Limitations & Future Work¶
- Choice of Complexity Metrics: The study only utilizes parameter size as the complexity score, neglecting other dimensions such as FLOPs and memory consumption.
- Simplistic Clustering Strategy: MS clusters subnets based on operational types at a single edge/layer, which may not fully capture gradient similarities between complex subnets.
- Insufficient Validation on Grand Search Spaces: Validations within the \(7^{21}\) scale search space are limited to the MobileNet space.
- Future research can explore adaptive clustering, multi-dimensional complexity scoring, and combination with non-uniform sampling strategies.
Related Work & Insights¶
- FairNAS: Balances training by sampling multiple subnets but ignores the discrepancy in complexities.
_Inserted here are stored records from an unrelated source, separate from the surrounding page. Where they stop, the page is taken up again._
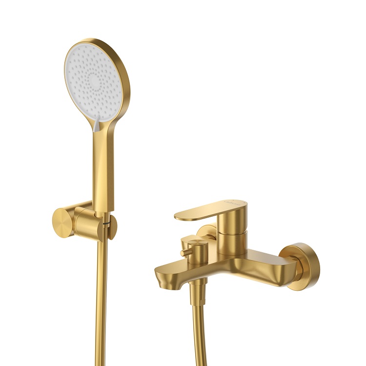 Смеситель для ванны и душа в комплекте с ручным душем, шлангом и держателем STYLUS-VD-BORO брашированное золото   Cezares
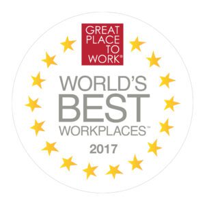 DHL fue reconocido como el octavo mejor lugar para trabajar a nivel mundial en una clasificación de empleadores de 2017 de Great Place to Work y Fortune. Los 25 mejores lugares de trabajo del mundo muestran cómo los principales empleadores a nivel mundial invierten en sus empleados, crean una cultura motivadora e interesante a nivel mundial y brindan oportunidades de desarrollo atractivas para las personas con talento.
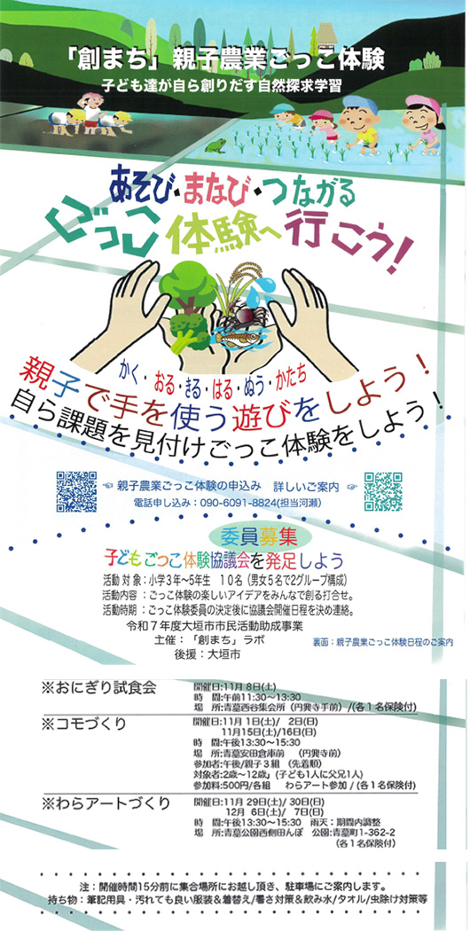 親子農業ごっこ体験 担当:川瀬 TEL 090-6091-8824 |
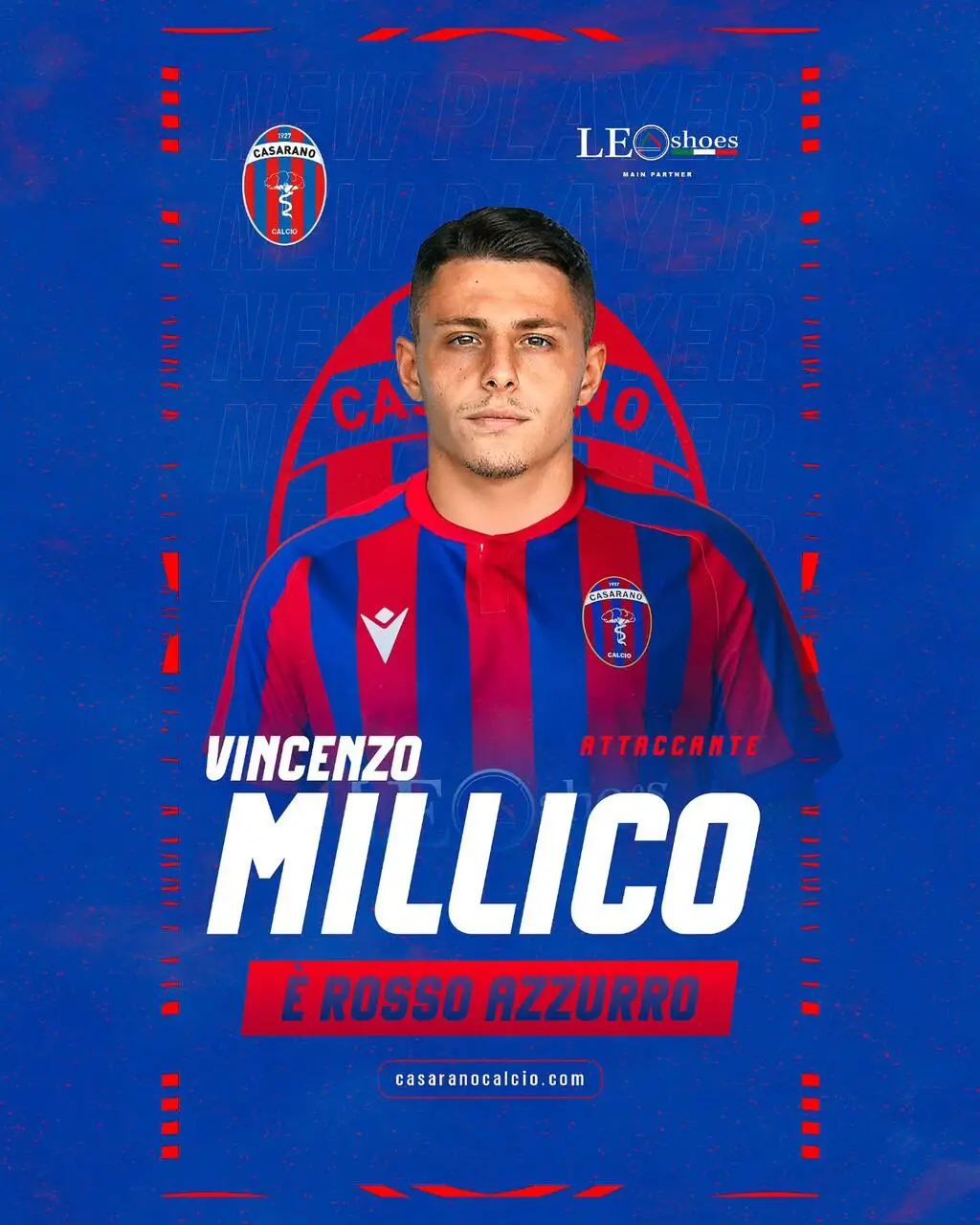 La società Casarano Calcio comunica di aver acquisito le prestazioni professionali del calciatore Vincenzo Millico, attaccante classe 2000.
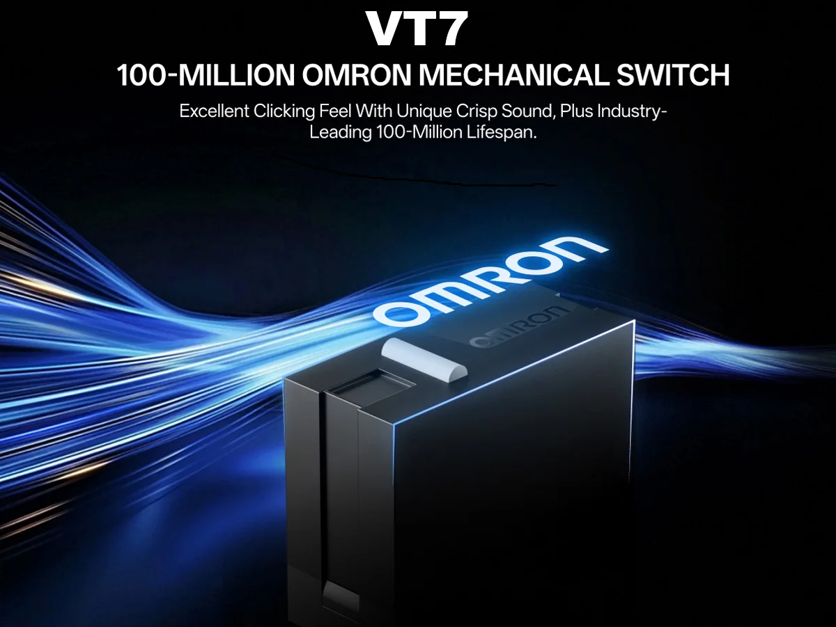 (VT7) Interruptor mecânico Omron 100 milhões: Mantém a sensação típica de clique e o som dos interruptores mecânicos do mouse, tentamos o nosso melhor para reduzir os problemas de clique duplo inerentes aos microinterruptores mecânicos - aumentando a vida útil de 60 milhões para 100 milhões.Para usuários que não se preocupam muito com o feedback de clique mecânico, recomendamos escolher a versão VT7 MAX (interruptor óptico de 120 milhões).
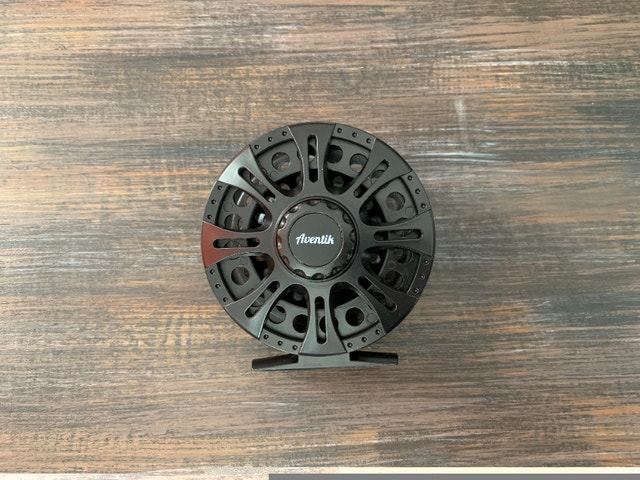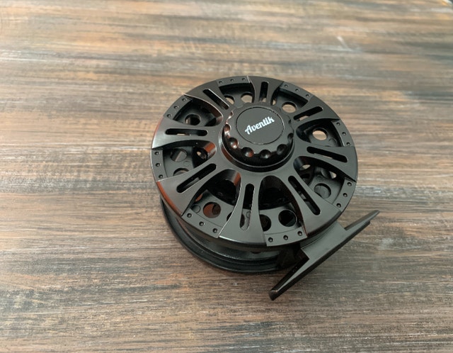 BRAND NEW NEVER USED - Aventik Classic III, is a new graphite large arbor fly reel, light weight and strong. Made from Polymeric material for durability and corrosion resistance. Large arbor design for backing capacity and fast retrieve. Rugged central disc drag for extremely smooth and consistent drag control. One-way bearing for easy conversion between hands, silent forward retrieve, and a clear clicker sound on drag Size info: 3/4WT - $50.00
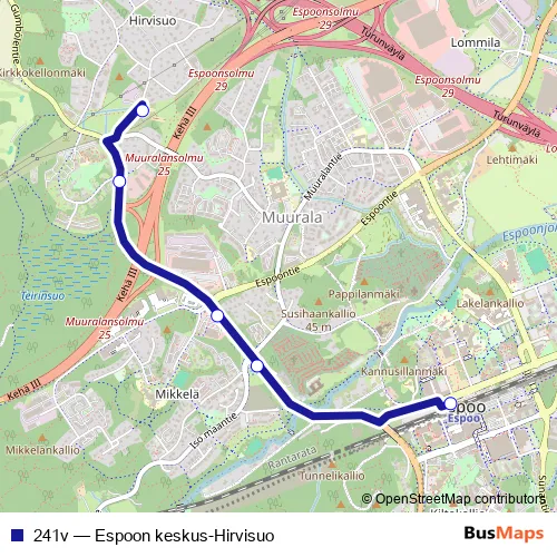 The first stop of the 241v bus route is Vanha Muuralantie and the last stop is Espoon asema. 241v (Espoon keskus-Hirvisuo) is operational during arkipäivisin.
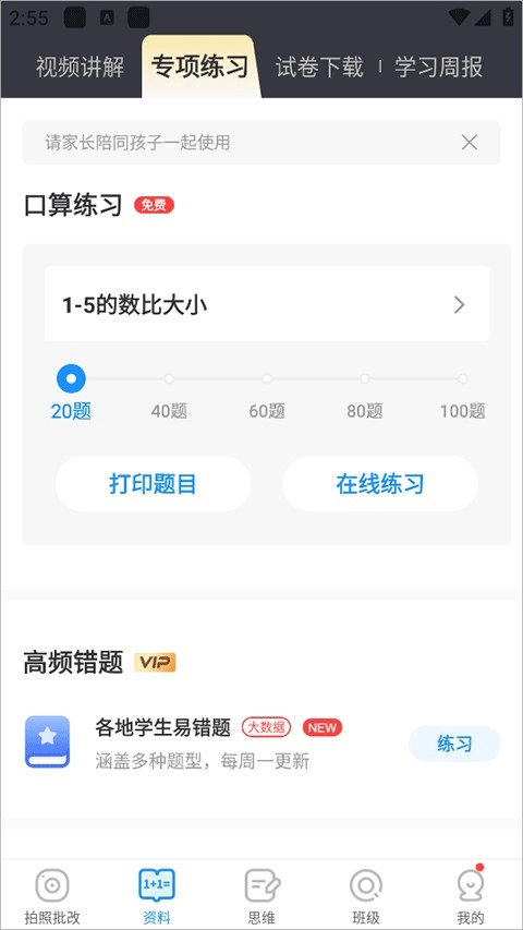 自动收集错误,支持一键打印重复练习。
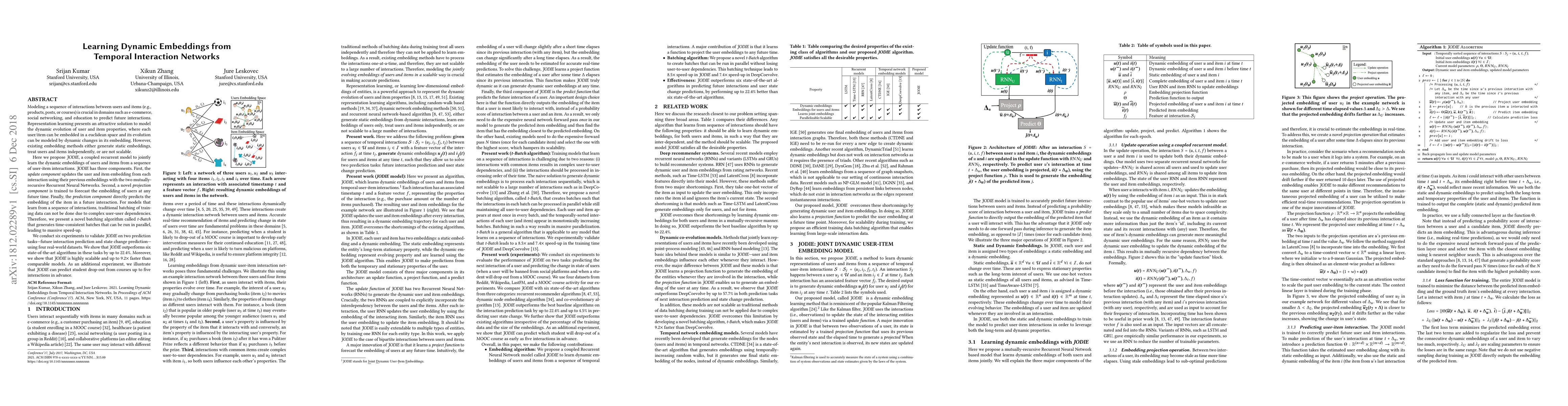 JODIE is a coupled recurrent model that jointly learns dynamic embeddings for users and items from sequences of interactions, outperforming existing methods in future interaction and state change prediction tasks. It employs a novel t-Batch algorithm for efficient training and achieves up to 9.2x faster scalability.
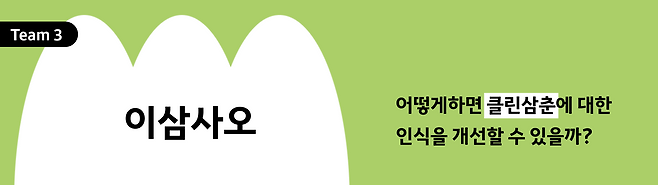 이삼사오는 20대부터 50대까지 다양한 연령대가 함께 팀이 되었다는 뜻으로 지역 사회 문제에 다양한 관점과 아이디어를 가진 팀입니다. 제주도의 분리수거장인 <클린하우스>의 근로자분들의 열악한 근로 환경을 발견하고, <클린삼춘>인식 개선 프로젝트를 진행하고 있습니다.

PPA tackles fairness through the lens of the optimization process.
- PA&DA: Alleviates search difficulty by reducing gradient variance but focuses on sampling strategies, whereas MS concentrates on optimizer momentum.
- Insights: Individual differences among subnets in supernet training constitute a highly overlooked factor, where dynamic training strategies yield an elegant, generalized solution.
Rating¶
⭐⭐⭐⭐ — This work offers a precise diagnosis of current limitations combined with simple yet effective solutions. The plug-and-play design holds significant practical value. Achieving consistent improvements across various NAS methodologies with negligible overhead stands out as the biggest strength. The simplistic clustering strategy is a minor drawback.